Küstrin im 19. Jahrhundert

Nach Jahren des kontinuierlichen wirtschaftlichen Aufschwungs wurde Küstrin wieder von schweren Schicksalschlägen getroffen. Offenbar waren die Erinnerungen an die Einäscherung der Stadt noch sehr lebendig, als 1806 der Festungskommandant kampflos die Festung französischen Einheiten überließ. Im Zuge der Blockade der Festung 1814 und kleineren Scharmützeln wurden die beiden Vorstädte von den französischen Besatzungstruppen niedergebrannt. Die Bevölkerungszahl verringert sich von 5000 auf rund 1000 Einwohner.
Nach der Blockade verlor die Stadt endgültig die Funktion als Hauptstadt der Neumark. Alle Versuche, Verwaltung und Gerichtssitz wieder in die Stadt zu holen, scheiterten. Erst gegen 1830 erreichten Bevölkrungszahlen und Wirtschaftskraft den Stand vom Ende des 18.Jahrhunderts.

Stadtansicht um 1850

Auf dem Gelände der ehemaligen langen Vorstadt wurden die Flügellünetten erbaut und ein Festungsbezirk (Rayon) eingerichtet, der unbebaut bleiben sollte, um ein freies Schußfeld zu garantieren. So wurde eine Zerstörung der Vorstädte im Kriegsfall unnötig. Die Bewohner der abgebrannten Vorstädte wurden enteignet und bekamen neue Grundstücke außerhalb der abgesteckten Rayongrenzen. Die lange Vorstadt wurde nun rund 1km westlich neu aufgebaut - das heutige Küstrin-Kietz. 1819 wurden über Küstrin die Chaussee von Berlin nach Landsberg angelegt und später nach Königsberg verlängert - die spätere Reichsstraße und heutige Bundesstraße 1. 1845 wurde eine Eisenbahnlinie geplant, die 1857 verwirklicht wurde.

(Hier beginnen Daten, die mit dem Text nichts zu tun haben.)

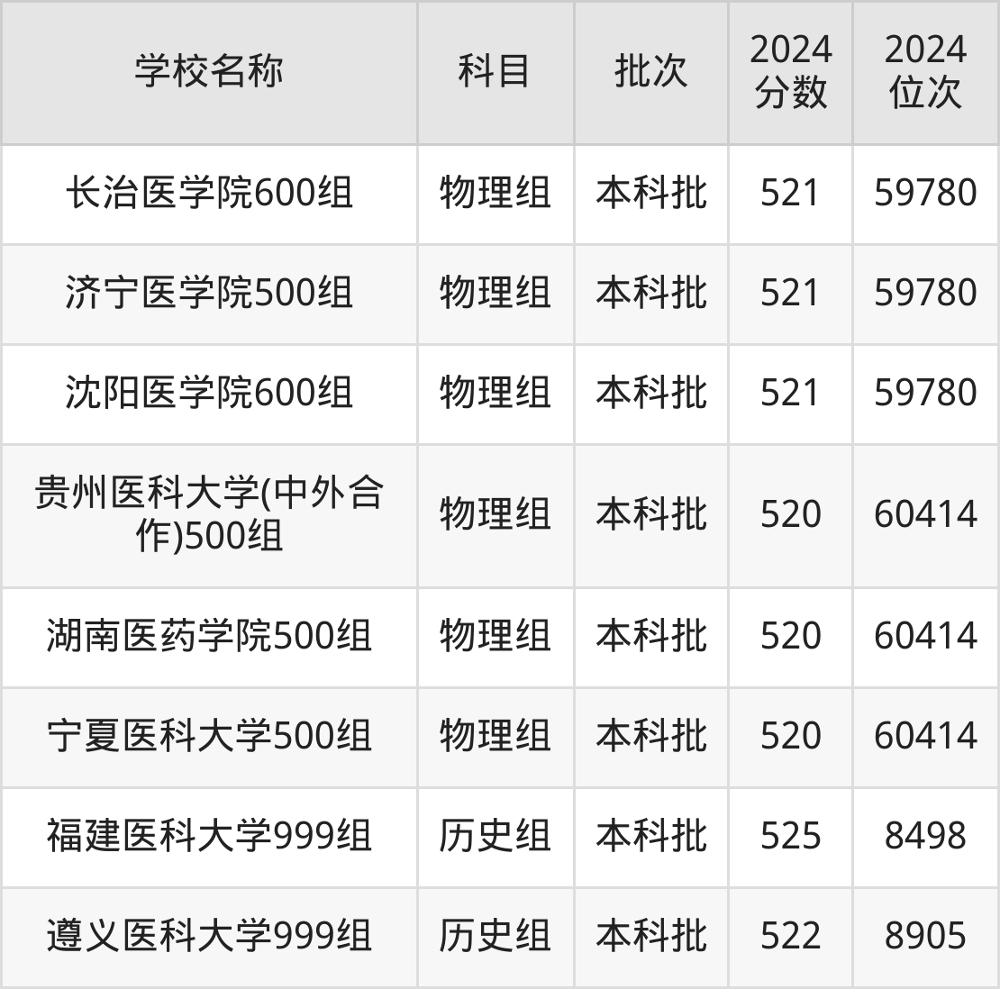 福建高考历史组共有2所医科大学在520到540分之间录取,包含福建医科大学、遵义医科大学。
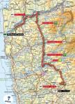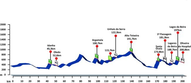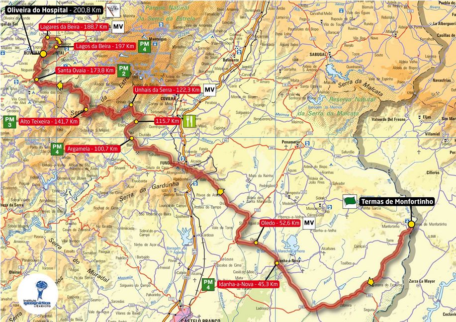 1ª ETAPA (Jueves 16 agosto): TERMAS DE MONFORTINHO – OLIVEIRA DO HOSPITAL (200,8 km). Rutómetro / Perfil últimos km / Mapa salida – llegada
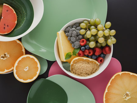 AI Image Fresh Colorful Fruit Plate with Kiwi, Berries, and Citrus
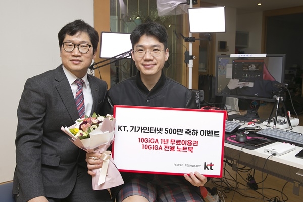 KT는 이번 기가인터넷 가입자 500만 돌파를 기념해 다양한 이벤트를 진행했다. 1인 미디어 생태계 환경 구축에 앞장서고 있는 KT는 500만 돌파 이후 가장 먼저 10기가(10GiGA) 인터넷에 가입한 방송 크리에이터에게 10GiGA 1년 무료이용권 및 10GiGA 전용 노트북을 제공했다.
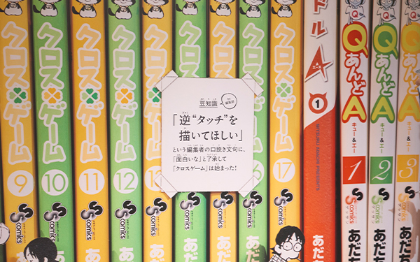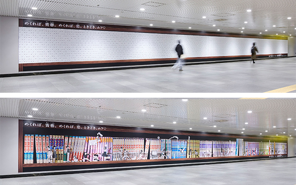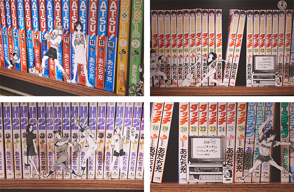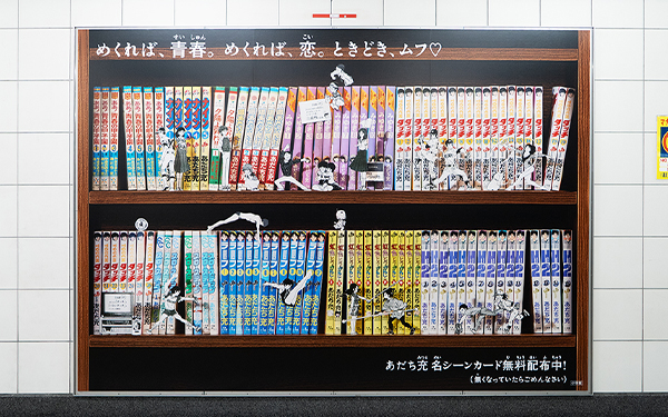 そして、カードがすべてピールオフされると、55年間で発売されたあだち充作品198冊が並ぶ巨大な本棚が出現。これまでの作品の背表紙だけではなく、作品内で描かれたキャラクターたちも前面に配置されました。まるで、本棚を背景にキャラクターたちがその場にいるようなビジュアルに仕上がっています。
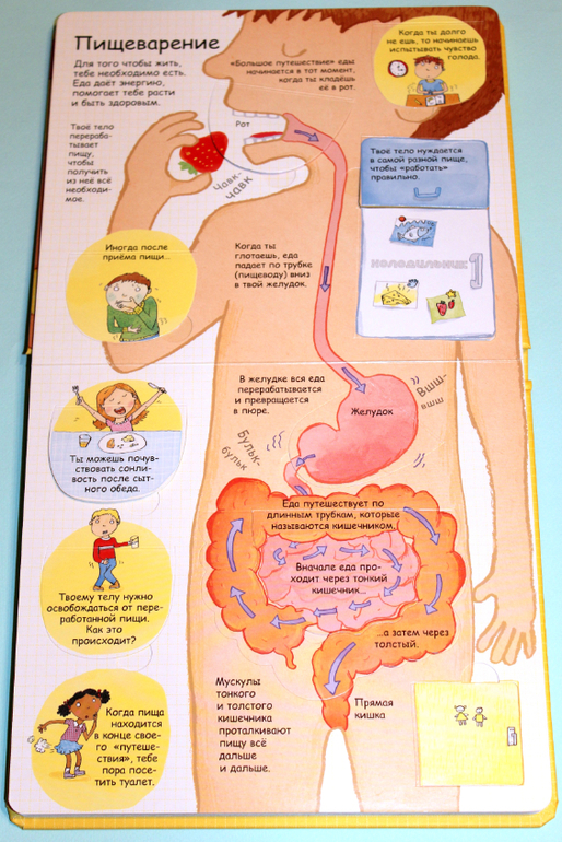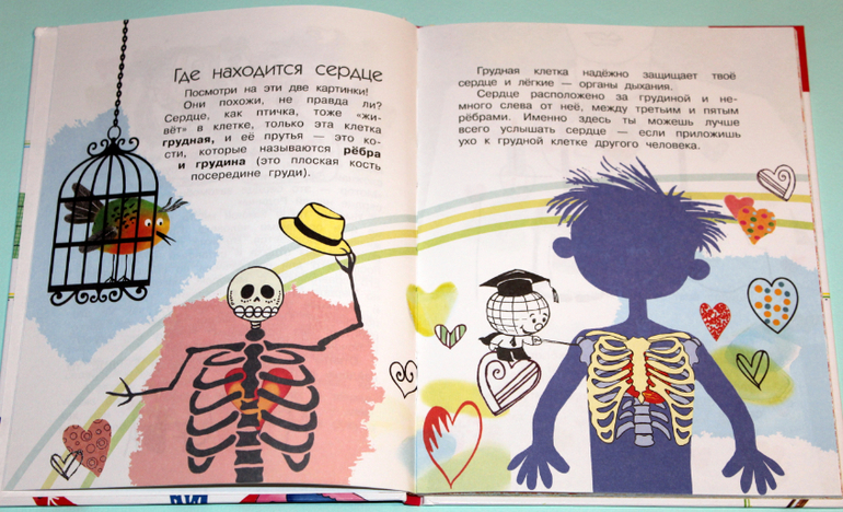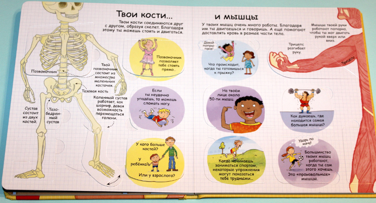 Информация подана довольно подробно, но все в пределах понимания 5-6 лет. Эту книгу я с уверенностью могу назвать лучшей для первого ознакомления ребёнка с анатомией. Не зря в сообществе было очень много хороших отзывов на нее. Я книгу купила давно, дочка несколько раз изучила её вдоль и поперек. А в сентябре, когда мы вплотную занялись анатомией, любовь к книге вспыхнула с новой силой)).
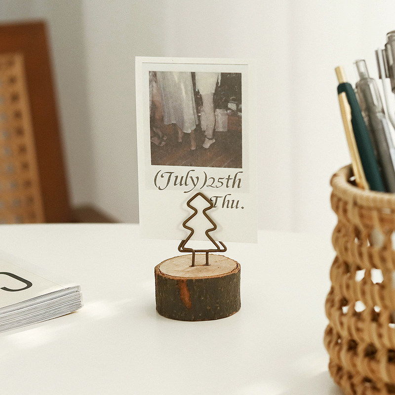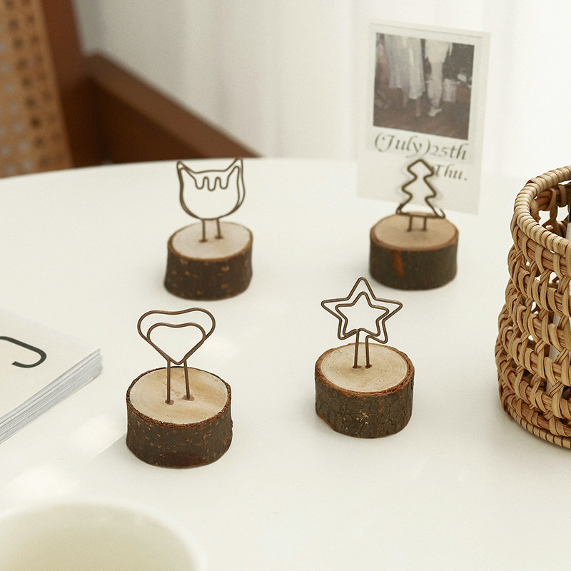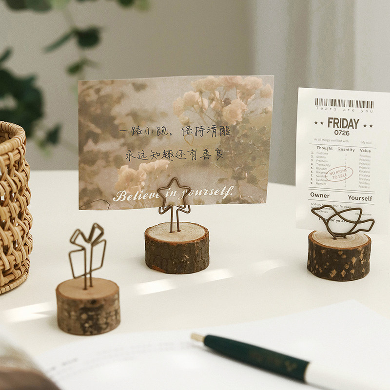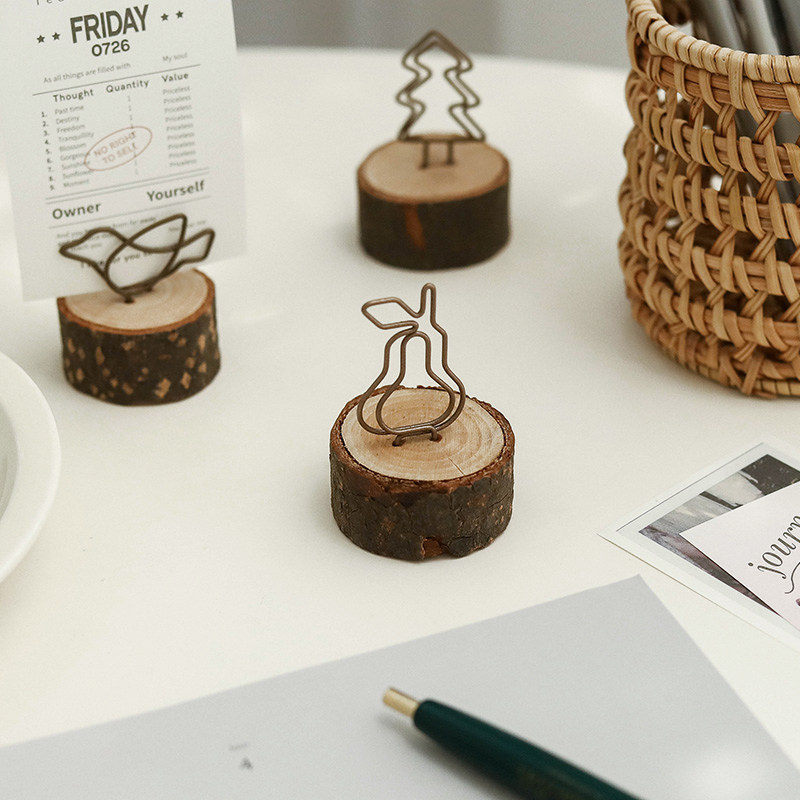 复古木质树皮便签夹 创意铁艺家居立式留言夹 桌面实木装饰夹摆件
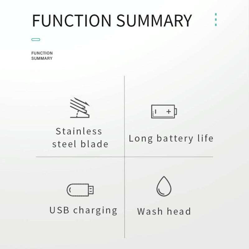 15. Accessories: USB charging cable x 1, limit comb x 3, blade cover x 1, cleaning brush x 1, user manual x 1
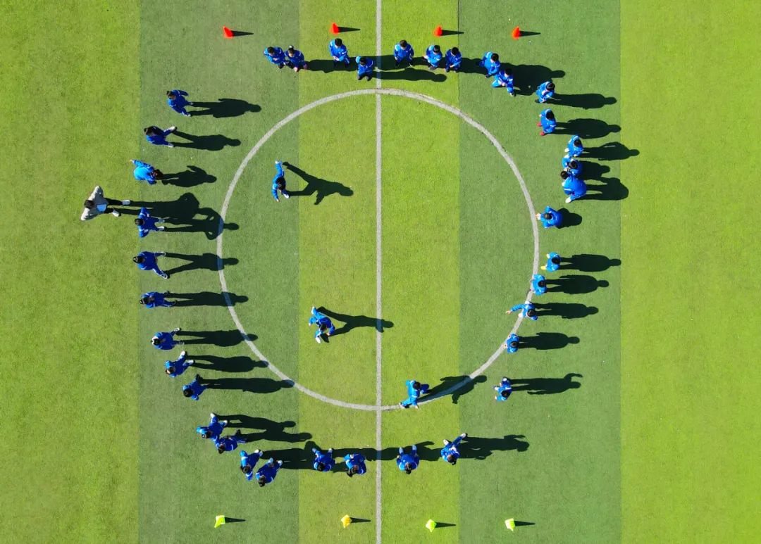 ▲学生在操场上进行体育课程展示(无人机照片)。新华社记者 魏培全 摄
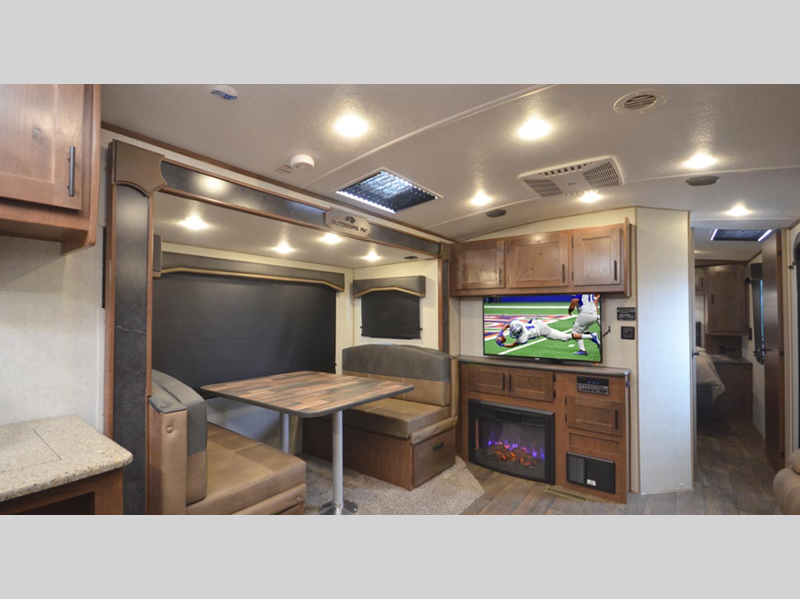 Sleeps 5 Slides 2 Length 32 ft 4 in Ext Width 8 ft Ext Height 11 ft 7 in Int Height 6 ft 11 in Interior Color High Desert, Western Sunrise Hitch Weight 825 lbs GVWR 11000 lbs Dry Weight 7800 lbs Cargo Capacity 3200 lbs Fresh Water Capacity 80 gals Grey Water Capacity 80 gals Black Water Capacity 50 gals Tire Size ST235/80/16E Furnace BTU 35000 btu Available Beds Queen Refrigerator Type 12V Off Grid Refrigerator Size 10 cu ft Cooktop Burners 3 Number of Awnings 1 Axle Weight 5200 lbs LP Tank Capacity 30 lbs Water Heater Capacity 10 gal TV Info LR 40" TV Awning Info 20' Axle Count 2 Number of LP Tanks 2 Shower Type Neo-Angled Similar Floorplans

Obwohl viele dieser Maßnahmen aus militärstrategischen Gründen durchgeführt wurden, förderten diese die Wirtschaft der Stadt enorm. Küstrin wurde zum Verkehrsknotenpunkt und hob auch den Wert der Festung. 1880 wird die Pfarrkirche, die nach schweren Verwüstungen durch die Franzosen nur unzulänglich wiederhergestellt wurde, grundlegend saniert. Dabei wird die alte Fürstengruft von Markgraf Hans wieder gefunden. Die beschädigten Särge werden umfassend restauriert. Vor der Bastion Phillip wird 1891 ein Wasserwerk errichtet, daß nach den neuesten Erkenntnissen Trinkwasser für die Altstadt aufbereitet. Die Reste der Anlagen sind heute noch erkennbar. Zwischen 1893-95 erhält die Festungsstadt Anschluß an die Kanalisation. Die Straßenbeleuchtung, die ab 1883 durch die städtische Gasanstalt sicher gestellt wurde, wird 1913 elektrifiziert. Am Renneplatz an der Berliner Straße entstand 1886 das Postamt. Durch die Niederlegung der Brückenkopfschanze gegen 1870 wurde das freigewordene Areal für neue Industriebetriebe genutzt. Es entstand u.a. die Malzfabrik.
Die neu errichtete kurze Vorstadt nahm eine Vielzahl von Bewohner der Festungsstadt auf führte jedoch in den folgenden Jahrzehnten ein eher kümmerlichen Dasein und tat sich schwer mit der städtischen Entwicklung, die von der Verwaltung der Festungsstadt, nun Altstadt mit Argwohn betrachtet wurde. Während die Altstadt mit Kräften bemüht war, ihre bedeutende Stellung zu halten, forderte die kurze Vorstadt, nun Neustadt genannt, eine stärkere Berücksichtigung ihrer Interessen. Erst nach 1871 bekann die Entwicklung der Neustadt als industrielles Zentrum und wurde bis zum Ende des 19.Jh der bevölkerungsreichste Stadtteil. Waren es 1819 keine 1000 Einwohner, so wurde 80 Jahre später mehr als 10.000 Einwohner gezählt. Die Zorndorfer Chaussee entwickelte sich mit einer Vielzahl an Geschäften zum neuen Stadtzentrum. Auf dem Gelände der Maulbeerplantagen des 18.Jh. entstanden die Zellulosefabrik und die Norddeutsche Kartoffelmehlfabrik, die bald Weltruf erlangen sollte.